Below are the entries; transcribe them exactly and drop every picture.

** INPUT RECORDS **

>>>>>

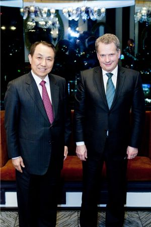 강덕수 STX그룹 회장(왼쪽)과 사울리 니니스토 핀란드 국회의장이 기념촬영하고 있다.
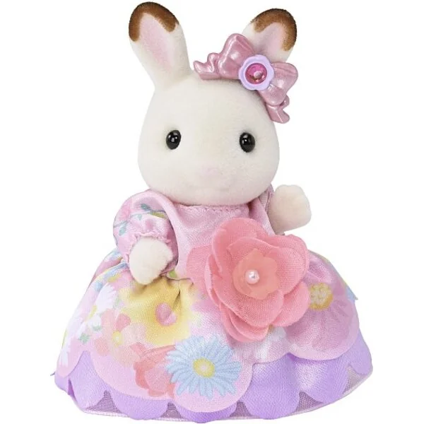 Freya de la famille des lapins en chocolat porte une robe avec une grande fleur rose et a mis un nœud sur son oreille.
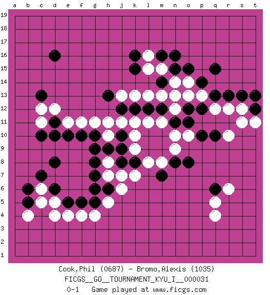 Last move : 0-1 2011 April 15 3:46:42 [Event "FICGS__GO__TOURNAMENT_KYU_I__000031"] [Site "FICGS"] [Date "2010.10.04"] [Round "1"] [Black "Cook,Phil"] [White "Bromo,Alexis"] [Result "0-1"] [Rating 1 "0687"] [Rating 2 "1035"] 1.q15 d4 2.d8 q4 3.q6 q5 4.d16 k10 5.k8 j7 6.j8 h8 7.h9 h10 8.j10 j11 9.j9 k7 10.g8 h7 11.g10 h11 12.g7 l8 13.m7 m8 14.q10 o13 15.n16 m15 16.m16 l16 17.n15 n14 18.p14 o14 19.o15 p13 20.q13 q12 21.r13 r12 22.s13 s12 23.t12 t11 24.t13 s11 25.k16 l15 26.h6 j6 27.g5 h5 28.g6 g4 29.f5 f4 30.e5 d5 31.d6 c6 32.c7 g11 33.f10 f11 34.e10 e11 35.d11 d12 36.c10 c11 37.d10 e4 38.c13 c12 39.k12 j13 40.j12 k9 41.g9 k11 42.l12 l11 43.m12 m11 44.n11 n10 45.o11 o10 46.p10 r10 47.p12 n12 48.o12 n13 49.k15 k13 50.m14 m13 51.h13 l13 52.n8 n9 53.o8 r6 54.b6 c5 55.b5 b4 0-1 This go game has been lost on time (started : 2010.10.04 21:21:50) Here are the names of the openings (joseki) played in the four corners : Corner d4 : d4 d8 Hoshi (Hwajeom, Seongjeom, Xingwei`) 4-4 Point. The star or hoshi (4-4) point, emphasizing influence at the potential expense of territory. Corner q4 : q4 q6 Hoshi (Hwajeom, Seongjeom, Xingwei`) 4-4 Point. The star or hoshi (4-4) point, emphasizing influence at the potential expense of territory. Ikken Takagakari (Hankan Nop'dakeolch'im, Yi Gaojia, 1-Space High Approach). White typically responds at 6-4 or 3-10. White 4-10 is played when White finds play on the right side advantageous. White 4-8 or 3-8 may be played when White has support at top. Corner d16 : d16 j11 Hoshi (Hwajeom, Seongjeom, Xingwei`) 4-4 Point. The star or hoshi (4-4) point, emphasizing influence at the potential expense of territory. Corner q16 : q15 o13 Takamoku (Gomok, Gaomu`) 5-4 Point. The takamoku (high) point (5-4). With its emphasis on influence, the 5-4 point complements the 4-4 (hoshi) point in creating an influence-oriented fuseki. Player White won this Go (weiqi, baduk) game. Follow this game move after move (download)Extend one hand from the cutting points. (Anonymous) Art is the triumph over chaos. (John Cheever)
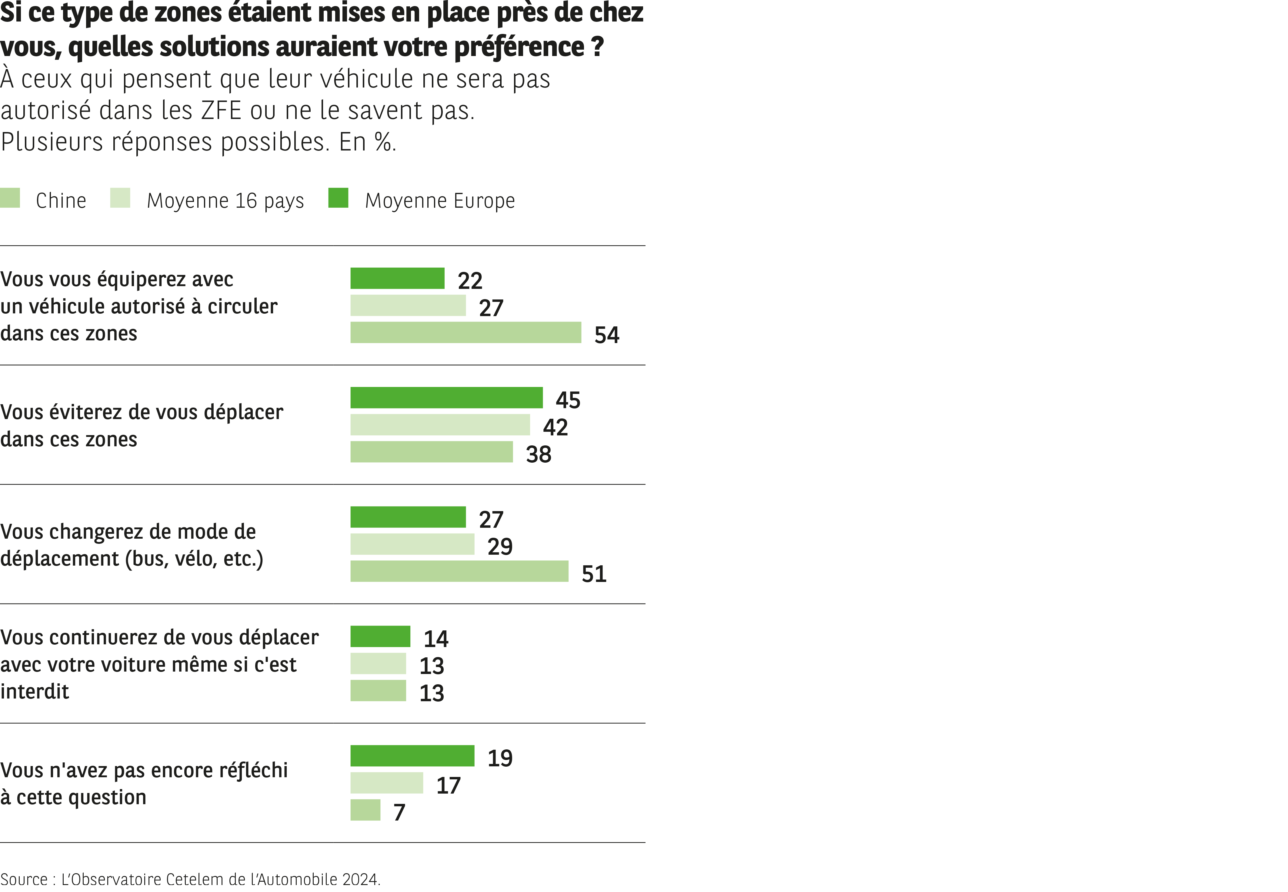 Paradoxalement, si les ZFE constituent une mesure conceptuellement juste, on les estime insuffisantes. Nous retrouvons à nouveau les Turcs pour occuper les premiers rangs (85 %) avec les Chinois et les Italiens comme principaux soutiens. Chez les voisins Néerlandais et Belges, cette opinion est deux fois moins partagée.
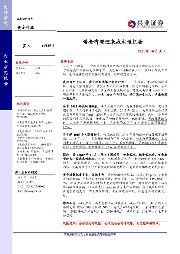 【兴业证券】【20211031】黄金行业:黄金有望迎来战术性机会-16页
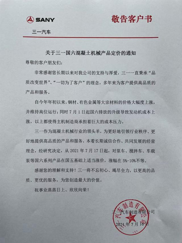 三一重工决定,从2021年7月17日起,对泵车、搅拌车、车载泵等国六系列产品在国五基础上适当涨价,涨幅在5%-10%不等。

<<<<<

** THE ANSWER **
 강덕수 STX그룹 회장(왼쪽)과 사울리 니니스토 핀란드 국회의장이 기념촬영하고 있다.
 Freya de la famille des lapins en chocolat porte une robe avec une grande fleur rose et a mis un nœud sur son oreille.
 Last move : 0-1 2011 April 15 3:46:42 [Event "FICGS__GO__TOURNAMENT_KYU_I__000031"] [Site "FICGS"] [Date "2010.10.04"] [Round "1"] [Black "Cook,Phil"] [White "Bromo,Alexis"] [Result "0-1"] [Rating 1 "0687"] [Rating 2 "1035"] 1.q15 d4 2.d8 q4 3.q6 q5 4.d16 k10 5.k8 j7 6.j8 h8 7.h9 h10 8.j10 j11 9.j9 k7 10.g8 h7 11.g10 h11 12.g7 l8 13.m7 m8 14.q10 o13 15.n16 m15 16.m16 l16 17.n15 n14 18.p14 o14 19.o15 p13 20.q13 q12 21.r13 r12 22.s13 s12 23.t12 t11 24.t13 s11 25.k16 l15 26.h6 j6 27.g5 h5 28.g6 g4 29.f5 f4 30.e5 d5 31.d6 c6 32.c7 g11 33.f10 f11 34.e10 e11 35.d11 d12 36.c10 c11 37.d10 e4 38.c13 c12 39.k12 j13 40.j12 k9 41.g9 k11 42.l12 l11 43.m12 m11 44.n11 n10 45.o11 o10 46.p10 r10 47.p12 n12 48.o12 n13 49.k15 k13 50.m14 m13 51.h13 l13 52.n8 n9 53.o8 r6 54.b6 c5 55.b5 b4 0-1 This go game has been lost on time (started : 2010.10.04 21:21:50) Here are the names of the openings (joseki) played in the four corners : Corner d4 : d4 d8 Hoshi (Hwajeom, Seongjeom, Xingwei`) 4-4 Point. The star or hoshi (4-4) point, emphasizing influence at the potential expense of territory. Corner q4 : q4 q6 Hoshi (Hwajeom, Seongjeom, Xingwei`) 4-4 Point. The star or hoshi (4-4) point, emphasizing influence at the potential expense of territory. Ikken Takagakari (Hankan Nop'dakeolch'im, Yi Gaojia, 1-Space High Approach). White typically responds at 6-4 or 3-10. White 4-10 is played when White finds play on the right side advantageous. White 4-8 or 3-8 may be played when White has support at top. Corner d16 : d16 j11 Hoshi (Hwajeom, Seongjeom, Xingwei`) 4-4 Point. The star or hoshi (4-4) point, emphasizing influence at the potential expense of territory. Corner q16 : q15 o13 Takamoku (Gomok, Gaomu`) 5-4 Point. The takamoku (high) point (5-4). With its emphasis on influence, the 5-4 point complements the 4-4 (hoshi) point in creating an influence-oriented fuseki. Player White won this Go (weiqi, baduk) game. Follow this game move after move (download)Extend one hand from the cutting points. (Anonymous) Art is the triumph over chaos. (John Cheever)
 Paradoxalement, si les ZFE constituent une mesure conceptuellement juste, on les estime insuffisantes. Nous retrouvons à nouveau les Turcs pour occuper les premiers rangs (85 %) avec les Chinois et les Italiens comme principaux soutiens. Chez les voisins Néerlandais et Belges, cette opinion est deux fois moins partagée.
 【兴业证券】【20211031】黄金行业:黄金有望迎来战术性机会-16页
 三一重工决定,从2021年7月17日起,对泵车、搅拌车、车载泵等国六系列产品在国五基础上适当涨价,涨幅在5%-10%不等。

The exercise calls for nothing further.